Data shown
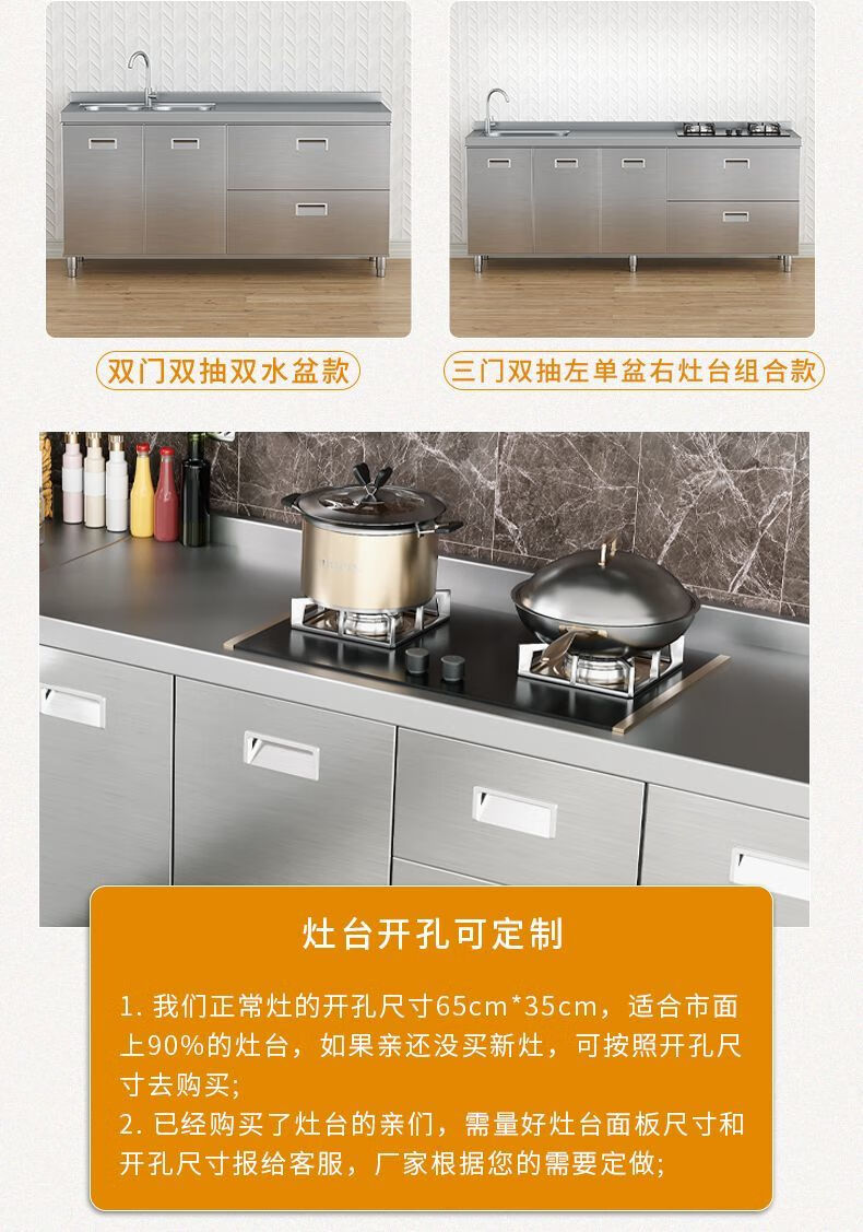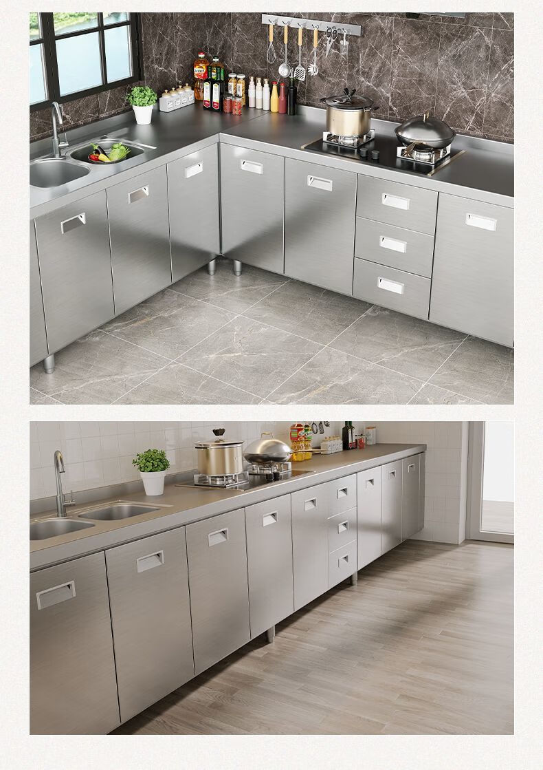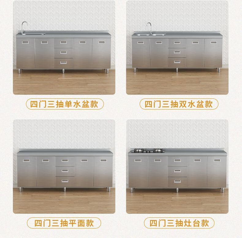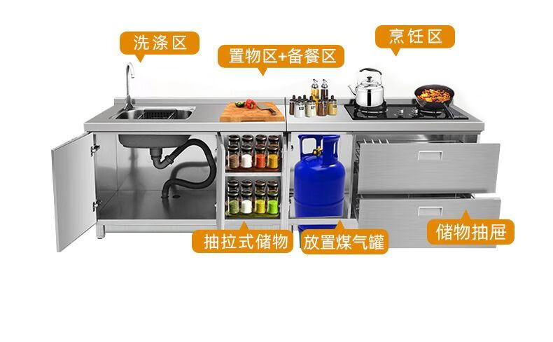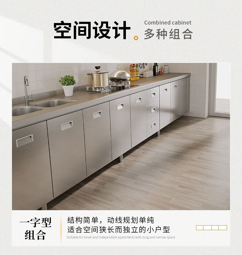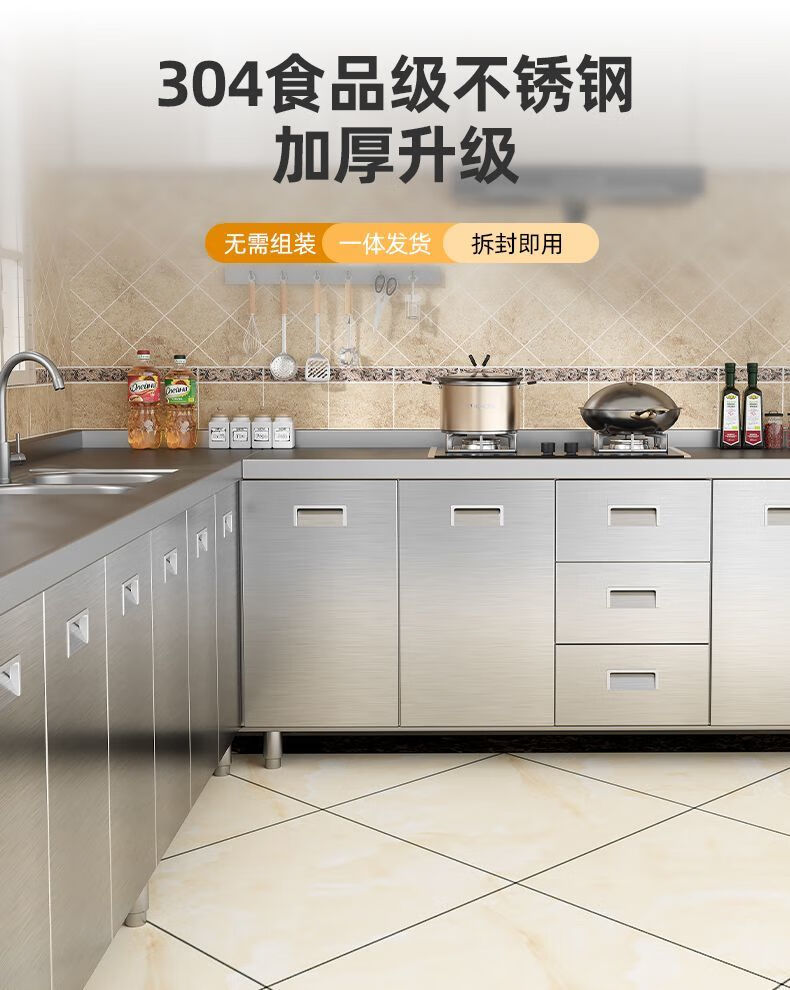 Qinkai overall stainless steel cabinet 304 steel diamond-shaped corner cabinet kitchen cabinet storage integrated sink stove cabinet 2 meters five-door flat style (304 steel thickening) Jinri
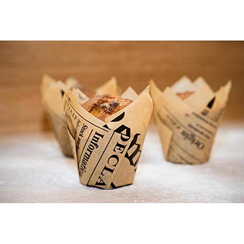 About PacknWoodPacknWood is the American brand of a family-owned, well-established French manufacturer that specializes in the design and manufacture of elegant disposable food packaging. For over 35 years, PacknWood has made it their goal to design fashionable, functional, and environmentally sustainable tableware that adds a special touch to your culinary presentation – something we believe your customers will notice and appreciate. PacknWood offers the largest selection of plates, skewers, mini dishes, bakeware, and tableware, which are made from the most unique and natural materials: Bamboo, Wood, Palm Leaf, Sugarcane, and Cornstarch - all with a French touch to the design and presentation. The idea is simple: we create value using natural, organic, and recyclable materials. Our smooth and elegant finished products make the food you serve more enticing, all while preserving the environment.Safe MaterialMade of high-quality oil and grease-resistant paper, these paper tulip cupcake baking cups are thick, smooth and high-temperature resistant, no peculiar smell, and no leaking dyes. Keeping their elegant shape during baking, pretty reliable to use, safe and environmentally friendly, durable, not easy to deform, but easy to peel, and nice tools for you to make muffins.Gorgeous Tulip DesignThe paper muffin liners for baking are in a delicate tulip shape, a great shape of visual excitement, which makes your desserts more attractive and delicious, great for displaying cupcakes at parties, leaving a deep impression on your guests too.Product Specifications: Material: PaperColor: NewspaperQuantity: 288 PcsDimensions:L: 6.9in x W: 6.9in x H: 2.35in
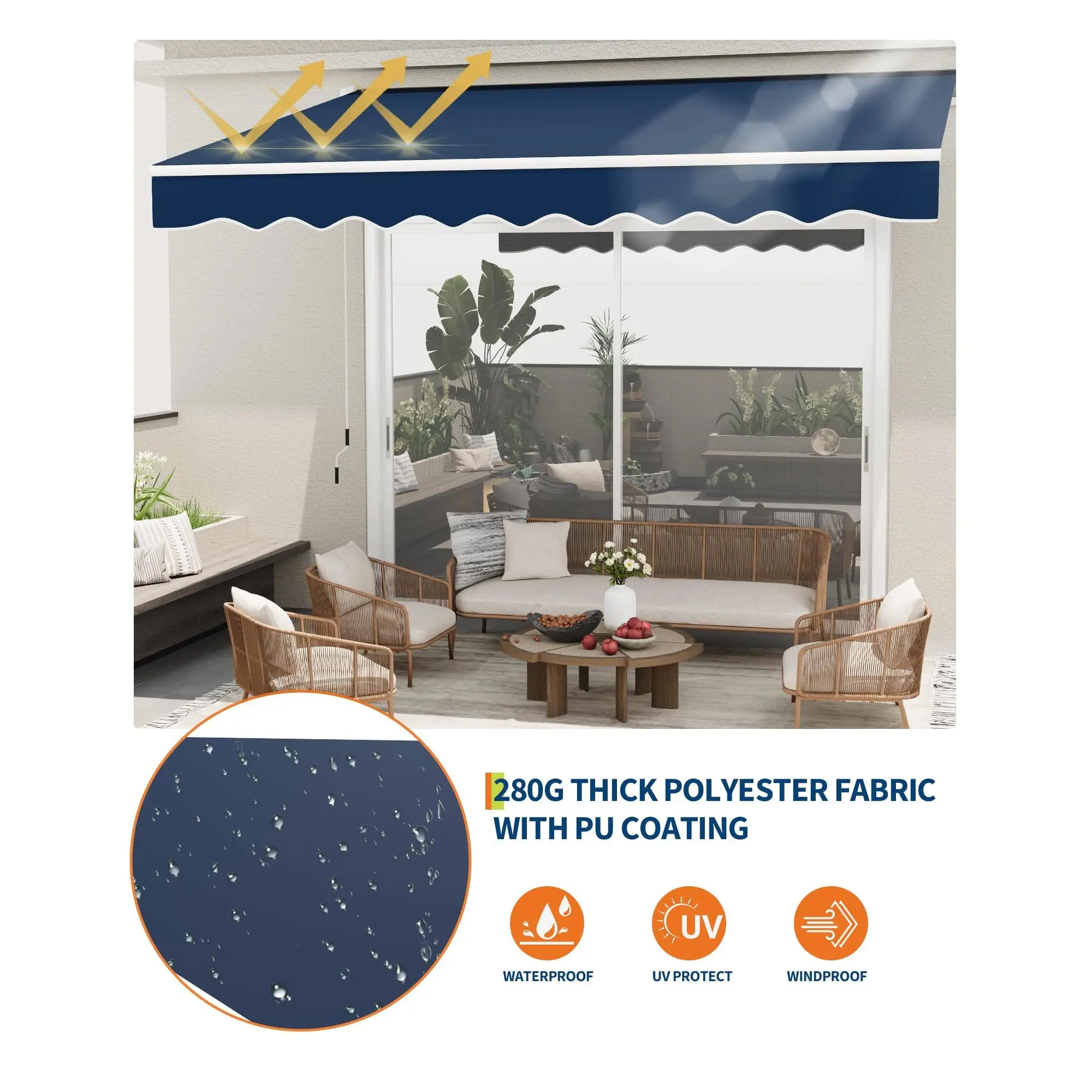 Superior Waterproof & UV Protection: The awning is crafted from 280 g/㎡ polyester fabric with PU coating, providing effective waterproofing and UV50+ sun protection — making it a reliable waterproof retractable awning for your deck or patio.
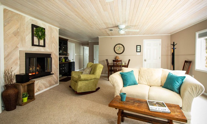 Newly renovated (summer 2017), the large living area has comfortable furniture, 42" flat screen TV with Roku streaming (access Netflix, Hulu, HBO, etc.), ceiling fans and blackout window shades on the large picture window (this side of the house gets morning sun). We love the new wood plank ceiling and know our guests will enjoy the cozy gas fireplace.

What this task involves
Print the material precisely as given, dropping any images it holds.

Exercise result
 Qinkai overall stainless steel cabinet 304 steel diamond-shaped corner cabinet kitchen cabinet storage integrated sink stove cabinet 2 meters five-door flat style (304 steel thickening) Jinri
 About PacknWoodPacknWood is the American brand of a family-owned, well-established French manufacturer that specializes in the design and manufacture of elegant disposable food packaging. For over 35 years, PacknWood has made it their goal to design fashionable, functional, and environmentally sustainable tableware that adds a special touch to your culinary presentation – something we believe your customers will notice and appreciate. PacknWood offers the largest selection of plates, skewers, mini dishes, bakeware, and tableware, which are made from the most unique and natural materials: Bamboo, Wood, Palm Leaf, Sugarcane, and Cornstarch - all with a French touch to the design and presentation. The idea is simple: we create value using natural, organic, and recyclable materials. Our smooth and elegant finished products make the food you serve more enticing, all while preserving the environment.Safe MaterialMade of high-quality oil and grease-resistant paper, these paper tulip cupcake baking cups are thick, smooth and high-temperature resistant, no peculiar smell, and no leaking dyes. Keeping their elegant shape during baking, pretty reliable to use, safe and environmentally friendly, durable, not easy to deform, but easy to peel, and nice tools for you to make muffins.Gorgeous Tulip DesignThe paper muffin liners for baking are in a delicate tulip shape, a great shape of visual excitement, which makes your desserts more attractive and delicious, great for displaying cupcakes at parties, leaving a deep impression on your guests too.Product Specifications: Material: PaperColor: NewspaperQuantity: 288 PcsDimensions:L: 6.9in x W: 6.9in x H: 2.35in
 Superior Waterproof & UV Protection: The awning is crafted from 280 g/㎡ polyester fabric with PU coating, providing effective waterproofing and UV50+ sun protection — making it a reliable waterproof retractable awning for your deck or patio.
 Newly renovated (summer 2017), the large living area has comfortable furniture, 42" flat screen TV with Roku streaming (access Netflix, Hulu, HBO, etc.), ceiling fans and blackout window shades on the large picture window (this side of the house gets morning sun). We love the new wood plank ceiling and know our guests will enjoy the cozy gas fireplace.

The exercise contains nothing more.